AI Basics

What is AI in 2023?

Artificial intelligence (AI), machine learning (ML), large language models (LLMs) and related technologies and techniques have crossed the chasm from science fiction and niche research domains into widespread awareness and widely adopted products, services, and systems in 2023.

Although the history of AI research reaches back to the 1950s, the current widespread awareness of AI can be traced to a recent set of products and services using generative AI such as ChatGPT, Stable Diffusion, and the like. In particular, OpenAI's ChatGPT captured the imagination of many by removing many technical barriers to interacting with AI through “natural language” text conversations. As such, ChatGPT allowed individuals to see the power, promise, and pitfalls of such systems, and many heralded the moment as a new epoch in the history of computing.

The rapid popularity of ChatGPT and other systems meant new attention and investment in the domain. Almost overnight, new applications and companies emerged that sought to make use of these technologies in new ways and new domains. As a result, a myriad of industries are finding new ways to use this technology for better decision-making, automation, and innovation.

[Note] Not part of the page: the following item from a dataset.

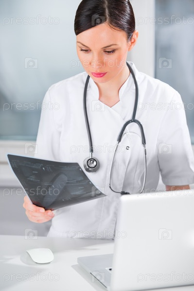 Женщина-врач держит результаты УЗИ и использует ноутбук в клинике

Alongside this expansion in interest and development is the need for individuals in a variety of roles to quickly ramp up their understanding of AI. However, with the increasing complexity of these models, the substantial amount of new things to learn and the extensive list of new libraries being added every single day, onboarding into the state-of-the-art AI world has become challenging for new engineers. While resources exist, many of these resources (and increasingly so) depend on proprietary technologies. Moreover, the state of knowledge is rapidly changing, and existing resources are quickly out-of-date.

Why are people excited about LLMs?

Large Language Models (LLMs) are AI models that use deep learning techniques to process and understand natural language text. These models have millions or even billions of parameters that allow them to generate human-like language output, making them ideal for tasks such as language translation, natural-sounding chatbots, document and code generation, and more. LLMs have been trained on massive amounts of data, allowing them to identify patterns in language that were previously difficult for computers to comprehend. This has led to breakthroughs in natural language processing, generated output and improved communication between humans and machines.

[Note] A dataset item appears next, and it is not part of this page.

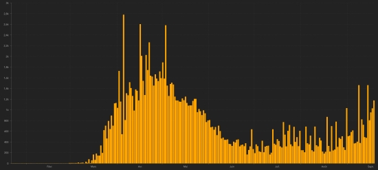 The rise in the number of new cases remains sustained and worried in Quebec, which represents nearly 47% of all confirmed cases in Canada and which has just closed 10% of all its schools due to Covid. France: Confirmed cases since the first case: 462,455 (+13,215 in 24h), previous (+10,593) Healings: 91,544 people (+734 in 24 hours), the day before (+505) National Healing Rate: 19.8% (-) Deaths: 31,180 deaths (+122 in 24 hours), the day before (+50) Active cases: (excluding death and recovery) 339,731 (+12,359 in 24 hours), The day before (+10,038) Latin America and the Caribbean active cases: Brazil: 461,851 cases (+15,334 in 24 hours), the day before (+7,004) Argentina: 133,716 (+810 in 24 hours), the day before (+4,273) Peru: 130,616 cases (11,780 in 24 hours), the day before (-540) Colombia: 111.349 (+6.526 in 24h), the day before (+2.002) Mexico: 34,042 cases (+ 1,253 in 24 hours), the day before (-513) Panama: 23.557 (-487 in 24 hours), the day before (-437) Dominican Republic: 24,519 cases (+232 in 24 hours), the day before (+130) Chile: 14,647 cases (-433 in 24 hours), the day before (-296) Ecuador: 16,022 cases (+1,857 in 24 hours), the day before (+699) French Guiana: 7,914 cases (+36 in 48h), previous (+15 in 24h) Guadeloupe: 3,209 cases (-13 in 24 hours), the day before (-5) Jamaica: 3,252 cases (+154 in 24 hours), the day before (+160) Haiti: 2016 (-5 in 24 hours), the day before (-42) Bahamas: 1,482 cases (update not available), the day before (+1) Martinique: 983 cases (-4 in 48h), previous (-1) Cuba: 644 (+50 in 24h), the day before (-42) HAITI: The Ministry reports 3 times more cases in 24 hours Epidemiological situation: According to the Ministry of Public Health, 44 new cases of Covid-19 (the day before +15) would have been confirmed in Haiti as of September 16, 2020 (latest partial data available) for a total of 8,600 case throughout the national territory since the first case (March 19, 2020 https://www.haitilibre.com/en/news-30319-haiti-health-origin-of-the-first-2-cases-of-covid-19-in-haiti.html ). Death: +1 in the Nord department. National total: 221 Healings: : 6,363 people (+48 in 24h), previous (+57) Healing rate: 73.99% (+) Active cases: (less deaths and cures) 2,016 (-5 in 24 hours) Imported cases: 152 cases since the reopening of airports and +43 since the last report dated July 9 (109) https://www.haitilibre.com/en/news-31348-haiti-flash-152-cases-imported-since-the-reopening-of-airports.html (Since then, this information is no longer made available) Suspicious cases investigated since March 19: 26,445 (+87 in 24 hours as of September 16) Cases tested since the start of the pandemic: 26,289 (+254 in 24 hours as of September 16.) People currently hospitalized: (information not available) People in intensive care currently: (information not available) People currently treated at home: (information not available) People in isolation: (information not available) Cases confirmed by department: West: 5821 (+15) North: 541 (+6) Artibonite: 514 (+6) Center: 446 (+2) South East 273 (+10) Northeast: 263 (unchanged) South: 233 (+3) North-West: 201 (+1) Grand'Anse 167 (+1) Nippes: 141 (unchanged) Location of cases: Ouest : 5,821 case (+15) Delmas : 1,409 cases (+) Port-au-Prince : 1,148 cases (+) Pétion-ville : 903 cases (+) Tabarre : 689 cases Croix-des-Bouquets : 582 cases (+) Carrefour : 441 case Petit-Goâve : 148 cases Cité Soleil : 94 cases Léogâne : 80 cases (+) Cabaret : 75 cases Kenskoff : 60 cases Archaie : 47 cases Gressier 45 cases Anse à Galet : 37 cases Cornillon : 16 cases Grand Goâve : 16 cases (+) Ganthier : 13 cases Thomazeau : 9 cases Fonds-Verettes : 6 cases Pointe à Raquette : 3 cases Nord : 541 case (+6) Cap Haïtien : 320 cases (+) Limbé : 44 cases (+) Pignon : 22 cases Milot : 22 cases Plaine du Nord : 17 cases Grande Rivière du Nord : 17 cases Borgne : 16 cases Plaisance du Nord : 16 cases Pilate : 15 cases Port Margot : 12 cases Limonade : 12 cases Quartier Morin : 12 cases (+) Acul du Nord : 8 cases Dondon : 3 cases Bahon : 2 cases Saint Raphaël : 2 cases (+) Artibonite : 514 cases (+6) Saint Marc : 166 cases (+) Verettes : 123 cases (+) Gonaïves : 116 cases Gros Morne : 23 cases Petite Rivière de l’Artibonite : 19 cases Marchand Dessalines : 16 cases Saint Michel : 13 cases (+) L’Estère : 12 cases Desdunes : 7 cases Marmelade : 6 cases Ennery : 6 cases Grande Saline : 3 cases La Chappelle : 2 cases Anse Rouge : 2 cases Centre : 446 cases (+2) Mirebalais : 160 cases (+) Hinche : 158 cases Boucan Carré : 31 case Lascaobas : 30 cases Belladère : 21 case Thomonde : 15 cases Saut-d’Eau 7 cases Savanette : 6 cases Cerca la Source : 6 cases Maissade : 5 cases Cerca Cavajal : 4 cases Thomassique : 3 cases Sud-Est : 273 cases (unchanged) Jacmel : 197 cases Côte-de-Fer : 15 cases Bainet : 13 cases Thiotte : 10 cases Anse-à-Pitre : 9 cases Vallée de Jacmel : 7 cases Marigot : 6 cases Belle Anse : 4 cases Cayes Jacmel : 2 cases Nord-Est : 263 (+10) Ouanaminthe : 85 cases (+) Caracol : 45 cases Fort Liberté : 38 cases Trou du Nord : 36 cases (+) Mombin Crochu 21 case (+) Terrier Rouge : 14cas (+) Mont Organisé : 9 cases (+) Ste-Suzanne : 5 cases Perches : 6 cases (+) Ferrier : 4 cases Carice : 5 cases (+) Capotille : 4 cases (+) Vallière : 1 case Sud : 233 cases (+3) Cayes : 129 cases (+) Aquin : 26 cases Saint-Louis du Sud : 12 cases Les Anglais : 10 cases Port-Salut : 9 cases Port à Piment : 8 cases Torbeck : 7 cases Camp-Perrin : 7 cases (+) Chardonnières : 6 cases Tiburon : 4 cases Coteaux : 4 cases Chantal : 2 cases St Jean du Sud : 2 cases Île-à Vache : 2 cases Cavaillon 2 cases Roche à Bateau : 1 case Maniche : 1 case Nord-Ouest : 201 case (+1) Port de Paix : 118 cases (+) Saint-louis du Nord : 26 cases Bombardopolis : 14 cases Môle Saint-Nicolas : 12 cases Jean Rabel : 12 cases Bassin Bleu : 6 cases La Tortue : 5 cases Chansolme : 4 cases Baie de Henne 2 cases Anse-à-Foleur : 2 cases Grand'Anse : 167 cases (+1) J

Why are people concerned about LLMs?

LLMs are currently used to power chatbots and a wide variety of content tools that can generate text, images, video, and even code. But the very traits that make LLMs so powerful and useful also present important questions that technologists need to consider when developing and deploying them.

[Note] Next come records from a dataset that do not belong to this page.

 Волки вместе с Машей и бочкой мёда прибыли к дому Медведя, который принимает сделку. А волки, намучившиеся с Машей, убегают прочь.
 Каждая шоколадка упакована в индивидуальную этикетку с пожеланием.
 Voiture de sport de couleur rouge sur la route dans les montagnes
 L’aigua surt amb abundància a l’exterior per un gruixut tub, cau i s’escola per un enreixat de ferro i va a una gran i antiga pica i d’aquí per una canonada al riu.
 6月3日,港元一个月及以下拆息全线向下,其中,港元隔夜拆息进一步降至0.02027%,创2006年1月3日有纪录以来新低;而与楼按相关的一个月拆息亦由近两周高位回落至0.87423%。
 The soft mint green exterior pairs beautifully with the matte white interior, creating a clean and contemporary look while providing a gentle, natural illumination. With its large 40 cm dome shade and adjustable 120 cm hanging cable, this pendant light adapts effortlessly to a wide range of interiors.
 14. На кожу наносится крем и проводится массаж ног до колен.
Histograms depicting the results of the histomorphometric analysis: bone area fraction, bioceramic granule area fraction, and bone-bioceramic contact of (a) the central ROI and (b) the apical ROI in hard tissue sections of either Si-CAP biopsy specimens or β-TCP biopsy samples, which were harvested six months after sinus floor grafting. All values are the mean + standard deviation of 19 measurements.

By mimicking human language and creativity, LLMs have the potential to transform or even automate certain tasks or jobs. The mass harvesting of data to train these systems presents largely unresolved challenges to the principles of copyright, fair use, and fair compensation. The tendency of users to view LLM-powered tools as “officious oracles” can lead humans to make flawed or harmful decisions based on the biases and misinformation these systems can produce. LLMs can generate high quality prose that naturally invites consumers to forget that LLMs offer no guarantees of communicating factual or accurate information.

At Mozilla, we believe that developers should take these risks seriously and cultivate both an understanding and awareness of how their chosen AI technologies behave and impact the world. By their very nature, open source LLMs offer a greater chance to achieve those goals.

What exactly is an LLM?

At its heart, a Transformer-based Large Language Model (LLM) is essentially a computer program designed to generate text that resembles human-written content. It leverages machine learning techniques, specifically a type of neural network called a Transformer. At a high-level, a Transformer encodes linguistic patterns in the form of statistical relationships between words, and then uses those patterns to generate text. Transformers encode these semantic patterns by ingesting examples of existing text. Now let’s dig a little deeper.

Here's how it works:

Tokenization Visualization
Tokenization

The LLM starts by breaking down the input text, or 'prompt', into smaller pieces known as tokens.

Embedding Visualization
Embedding

Next, each token is converted into a numerical representation through a process called embedding.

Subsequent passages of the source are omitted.